[Python-ideas] Verbatim names (allowing keywords as names)

Carl Smith carl.input at gmail.com
Wed May 16 10:26:42 EDT 2018


Thanks for the reply Todd.

If `True` was redefined somewhere else, it would still be `True` for you.
You could do `from oldlib import True as true` and have `true` equal `
np.bool_(1)`. You could reference `oldlib.True` or do
`oldlib.function(True=x)` to interact with the name in the old library.

None of this would actually apply to `True`, as it's a reserved word in all
versions. The proposal only applies to new keywords that are used as names
in other libraries.

Again, thanks for taking the time.

-- Carl Smith
carl.input at gmail.com

On 16 May 2018 at 14:46, Todd <toddrjen at gmail.com> wrote:

> On Tue, May 15, 2018, 23:03 Carl Smith <carl.input at gmail.com> wrote:
>
>>
>>
>>> On Tue, May 15, 2018 at 8:41 PM, Steven D'Aprano <steve at pearwood.info>
>>> wrote:
>>>
>>>> Inspired by Alex Brault's  post:
>>>>
>>>> https://mail.python.org/pipermail/python-ideas/2018-May/050750.html
>>>>
>>>> I'd like to suggest we copy C#'s idea of verbatim identifiers, but
>>>> using
>>>> a backslash rather than @ sign:
>>>>
>>>>     \name
>>>>
>>>> would allow "name" to be used as an identifier, even if it clashes with
>>>> a keyword.
>>>
>>>
>> I strongly disagree, but can't seem to get anyone
>> ​ to bite.
>>
>> We want to be able to introduce a keyword that was formally a name, still
>> allow
>> it to be used as a name, still allow code that uses it as a keyword to
>> interoperate
>> ​ ​
>> with code that uses it as a name
>> , without changing the language
>> or implementation
>> too much.
>>
>> ​Ideally, Python would still not allow the keyword to be used as a name
>> and a
>> keyword in the same file??
>>
>> The lexer could class the tokens as *keynames*, and the parser could use
>> the
>> context of the first instance of each keyname to determine if it's a name
>> or
>> keyword for the rest of that file.

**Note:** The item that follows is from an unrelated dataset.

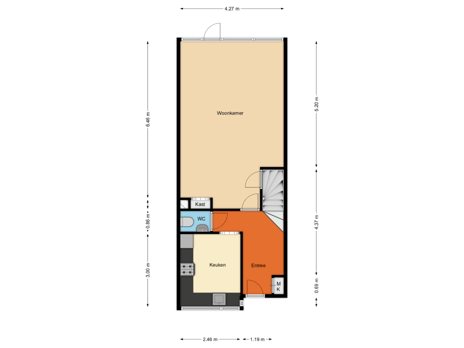 - 52 m² (12,00 meter diep en 4,32 meter breed)
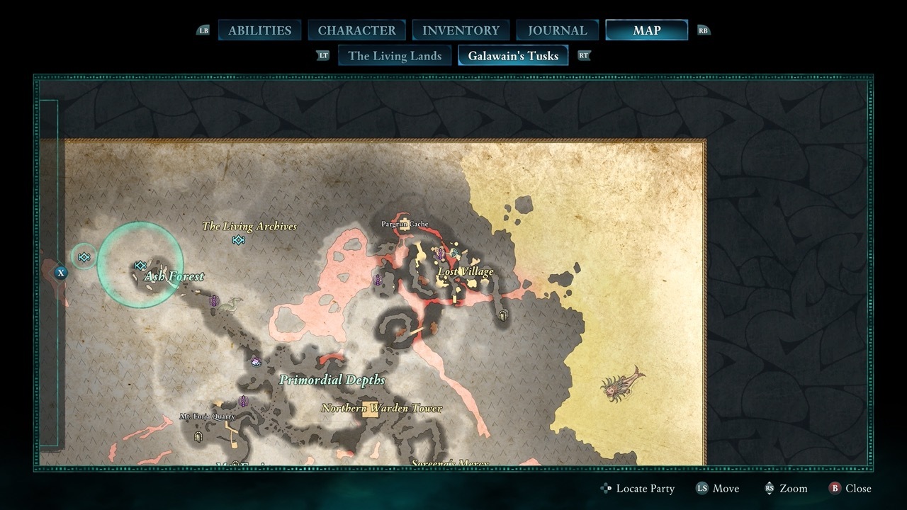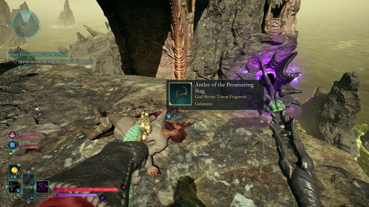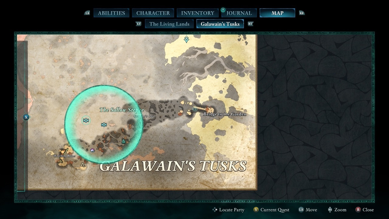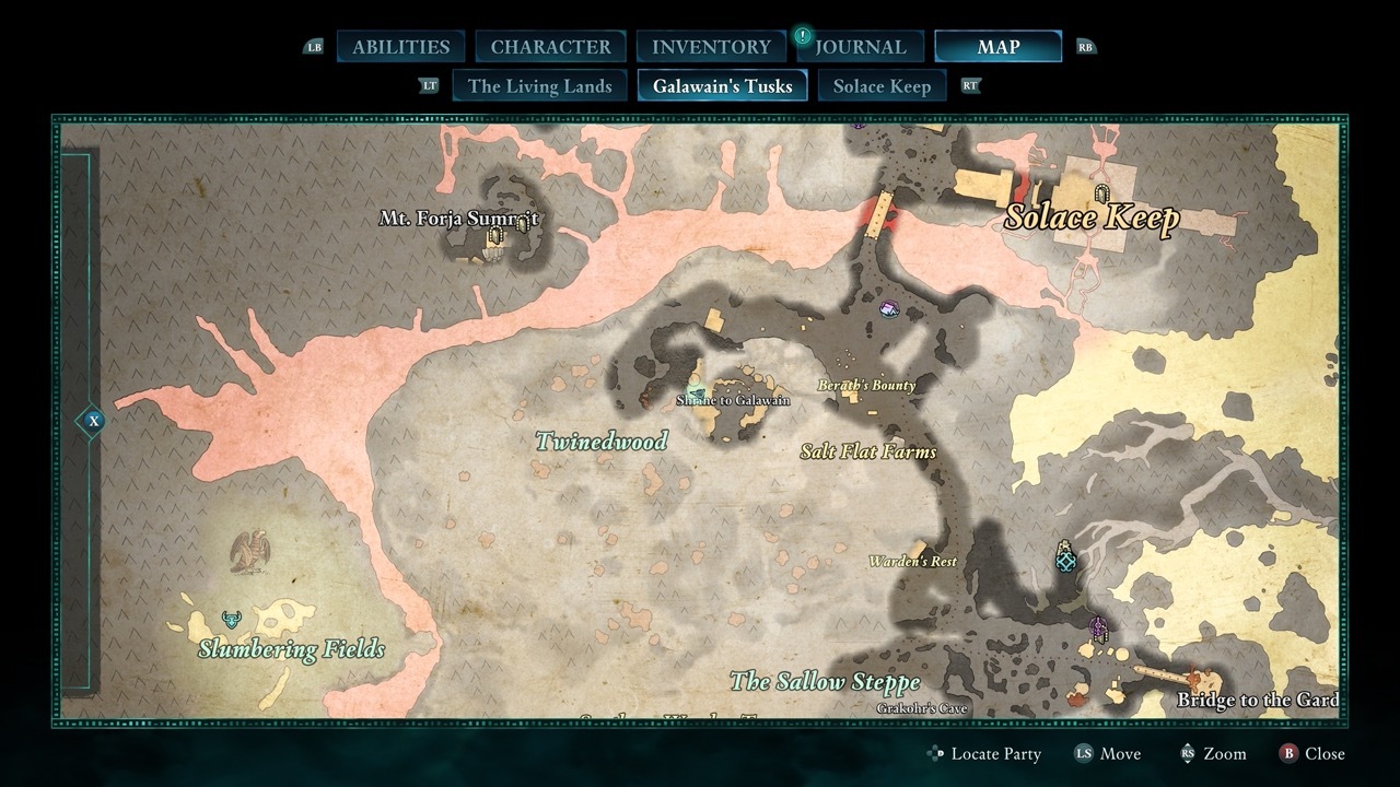 Em declarado, você pode encontrar e montar totens em cada região que fornece buffs passivos. Nas presas de Galawain, você pode montar o totem da perseverança encontrando a base do totem e seis peças em toda a região. Uma lista das peças do totem pode ser adquirida de um fornecedor no consolo, mas esta lista não fornece marcadores de mapa para as peças do totem. Depois de coletar as peças do totem, elas podem ser montadas no acampamento.

Projects that used the word as a name
>> would
>> only be prevented from also using it as a keyword in the same file.
>>
>> It's really then a question of whether users could elegantly and naturally
>> reference a name in another module without introducing the name to the
>> current module's namespace.
>>
>> We only reference external names (as syntactic names) in import
>> statements,
>> as properties after the dot operator, and as keyword arguments.
>>
>> If code that used the word as a keyword was still allowed to use the word
>> as
>> a name after the dot operator and as a keyword argument *in an
>> invocation*,
>> it would only change the language in a subtle way.
>>
>> If we could reference keynames in import statements, but not import the
>> name,
>> so basically allow `from keyname import keyname as name`, but not allow
>> `import keyname`, we could still easily import things that used the
>> keyname
>> as a name. This wouldn't change the language too dramatically either.
>>
>> Maybe I'm just being dumb, but it seems like three subtle changes to the
>> language would allow for everything we want to have, with only minor
>> limitations
>> on the rare occasion that you want to use the new keyword with a library
>> that is
>> also using the same keyword as a name.
>>
>> I promise not to push this idea again, but would really appreciate
>> someone taking
>> a couple of minutes to explain why it's not worth responding to. I'm not
>> offended,
>> but would like to know what I'm doing wrong.
>>
>> Thanks.
>>
>
>
> I think your idea would work okay if everyone followed good programming
> practices.  But when you have files that are tens of thousands of ugly code
> written by dozens of non-programmers over a dozen years it sounds like a
> recipe for a nightmare.
>
> For example someone you never met that left your group ten years ago could
> have made "True" be "np.bool_(1)" on a whim that makes your code break
> later in very hard-to-debug ways.
>
> To put it simply, I think it encourages people to take convenient
> shortcuts with implications they don't understand.